Sunday, May 16, 2021

Some areas where our culture can grow: Faith, hope, and love

In Christian values, the greatest virtues are faith, hope, and love; the greatest of these is love. These are in stark contrast to the fear, apocalyptic expectations, and hatred that have seeped into the culture. I will admit that I have underestimated the value of faith, hope, and love many times. There is a corner of my mind that is skeptical of them as virtues compared to (say) honesty or courage. Yet people can have honesty and courage while doing things without love and without hope. Honesty and courage are virtues that can be shared by hero and villain alike. And so faith, hope, and love are the type of virtue that will give us the better direction than we would have otherwise.

"Faith" as a virtue was often a relationship-word, something similar to trust. Without faith or trust in someone or something, what remains is a free-for-all, a street brawl, a power struggle. There is no peace without faith in something. It remains to be seen if faith in each other is possible without shared values. Is our shared humanity enough to help our culture? Possibly, if we insist that we do in fact share humanity, and cease dehumanizing each other.

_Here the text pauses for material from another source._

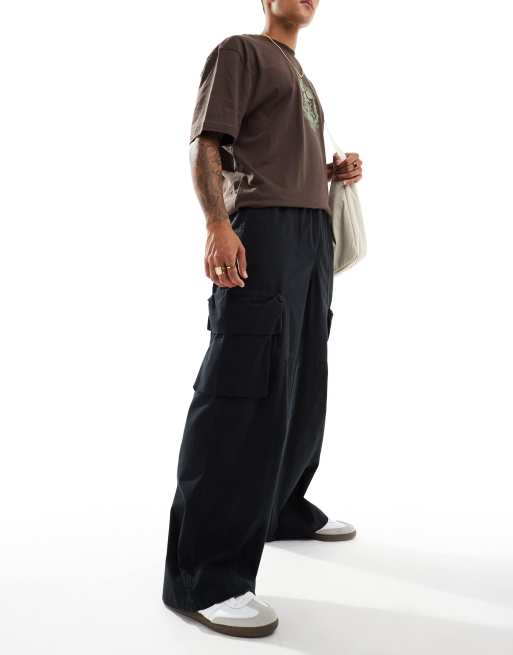 ASOS DESIGN loose cargo trouser with panel details in black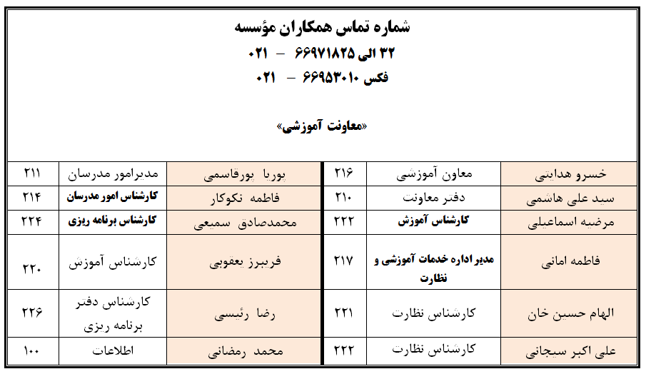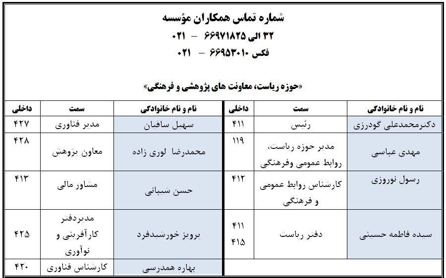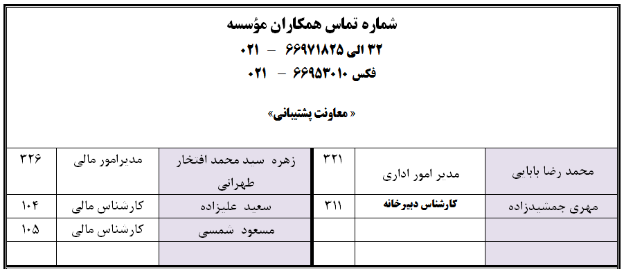 تماس با ما ارسال به دیگران نام شما ایمیل شما ایمیل دریافتکننده ارسال انصراف نشانی: تهران، خیابان انقلاب اسلامی، خیابان وصال شیرازی، کوچه دکتر باستانی پاریزی (فر دانش) شماره 8 تلفن: 88983439 (021) نمابر: 88962042 (021)

Hope is important as an antidote to despair. Actions of despair, "desperate" actions, have a reputation as showing bad thought, being rash and destructive. Despair prevents us from thinking clearly, prevents us from seeing solutions or from working toward them. Despair is the voice of self-sabotage; hope is the prerequisite for a solution or a reconciliation. Hope can build on the observation that life keeps trying to find a way forward, that people continue working to solve problems, that few people genuinely wish harm on their neighbor. Hope can be a thoughtful hope, considering how many imagined catastrophes have never come to pass, or have fizzled before they materialized.Those who hope in the Lord hope still more.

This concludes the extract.